- [EXERCISE GOAL] Leave the pictures out and print, word for word, the lines below from the one with "Est $5,507/mo113.58 Acres" through the final line.

- [DATASET SECTION]
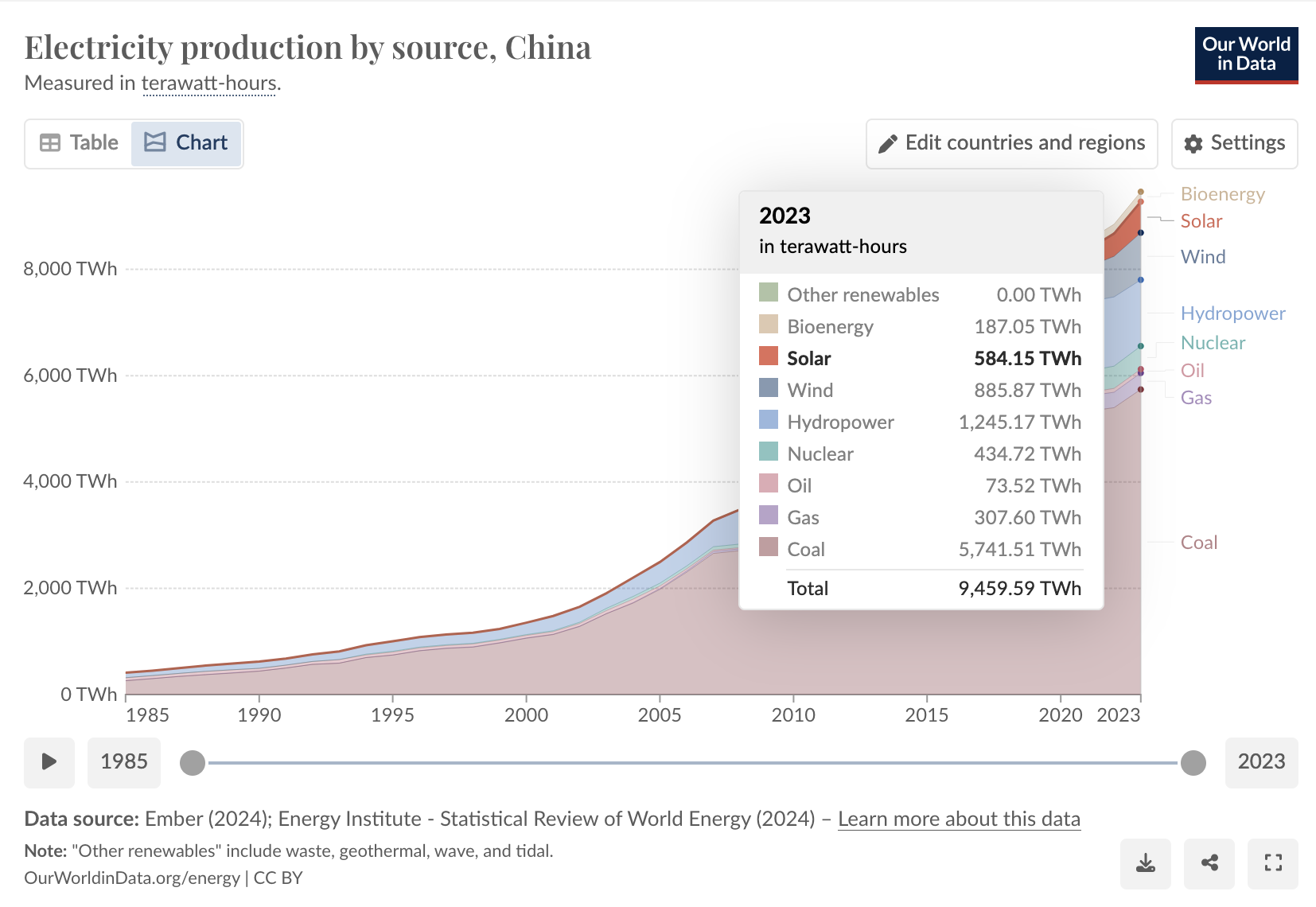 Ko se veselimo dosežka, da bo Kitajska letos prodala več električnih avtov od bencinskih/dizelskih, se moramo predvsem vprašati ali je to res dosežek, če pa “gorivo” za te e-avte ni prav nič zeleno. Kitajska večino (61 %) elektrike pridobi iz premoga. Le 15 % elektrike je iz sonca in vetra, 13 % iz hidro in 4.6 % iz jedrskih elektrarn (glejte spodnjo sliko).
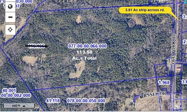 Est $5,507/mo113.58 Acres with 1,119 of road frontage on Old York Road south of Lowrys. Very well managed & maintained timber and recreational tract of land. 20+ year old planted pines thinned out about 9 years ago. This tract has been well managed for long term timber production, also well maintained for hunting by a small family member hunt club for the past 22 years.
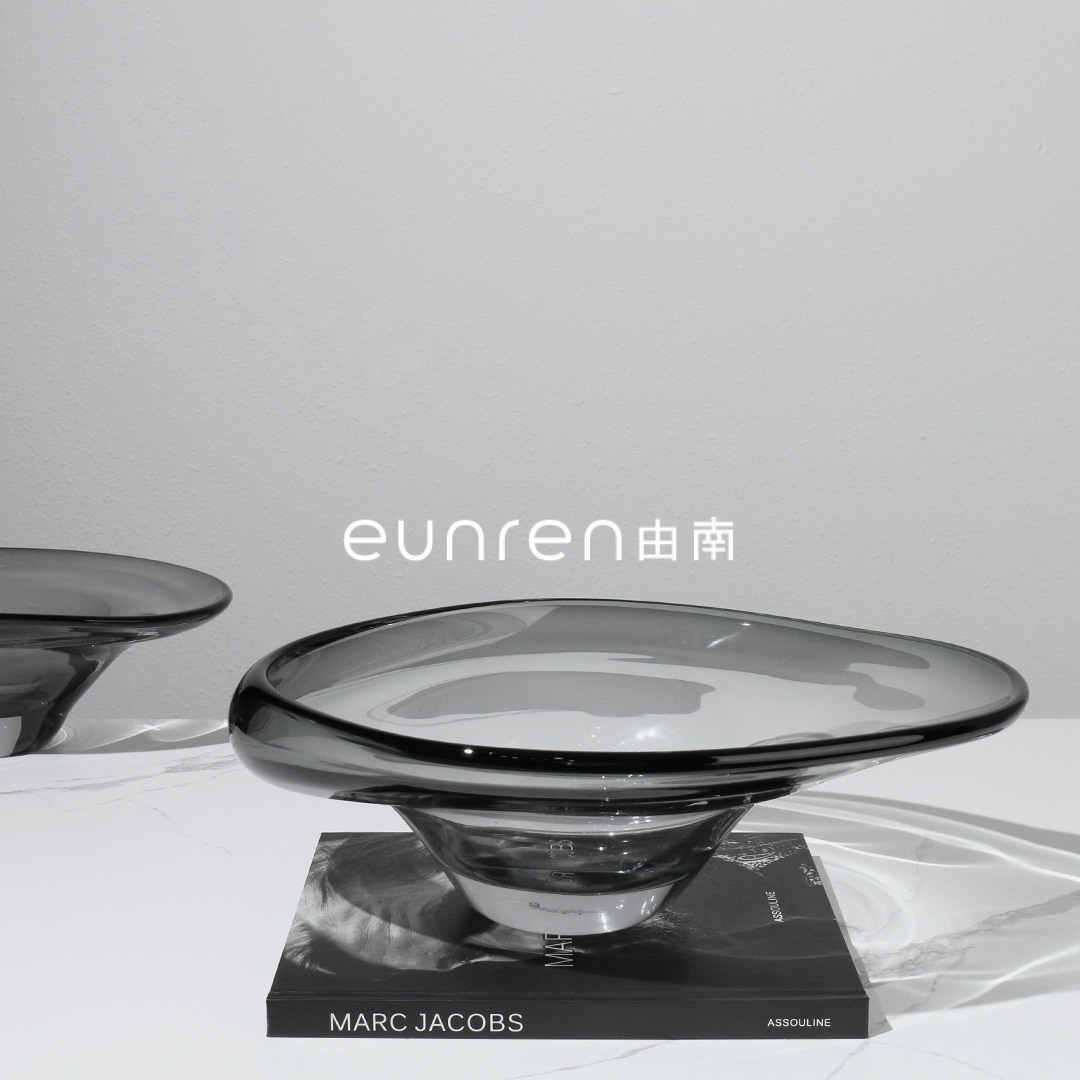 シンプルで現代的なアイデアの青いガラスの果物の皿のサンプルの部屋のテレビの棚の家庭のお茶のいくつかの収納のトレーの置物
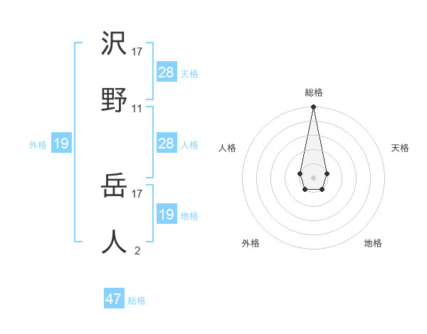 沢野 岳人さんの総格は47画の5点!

- [SOLUTION TO THIS EXERCISE]
 Est $5,507/mo113.58 Acres with 1,119 of road frontage on Old York Road south of Lowrys. Very well managed & maintained timber and recreational tract of land. 20+ year old planted pines thinned out about 9 years ago. This tract has been well managed for long term timber production, also well maintained for hunting by a small family member hunt club for the past 22 years.
 シンプルで現代的なアイデアの青いガラスの果物の皿のサンプルの部屋のテレビの棚の家庭のお茶のいくつかの収納のトレーの置物
 沢野 岳人さんの総格は47画の5点!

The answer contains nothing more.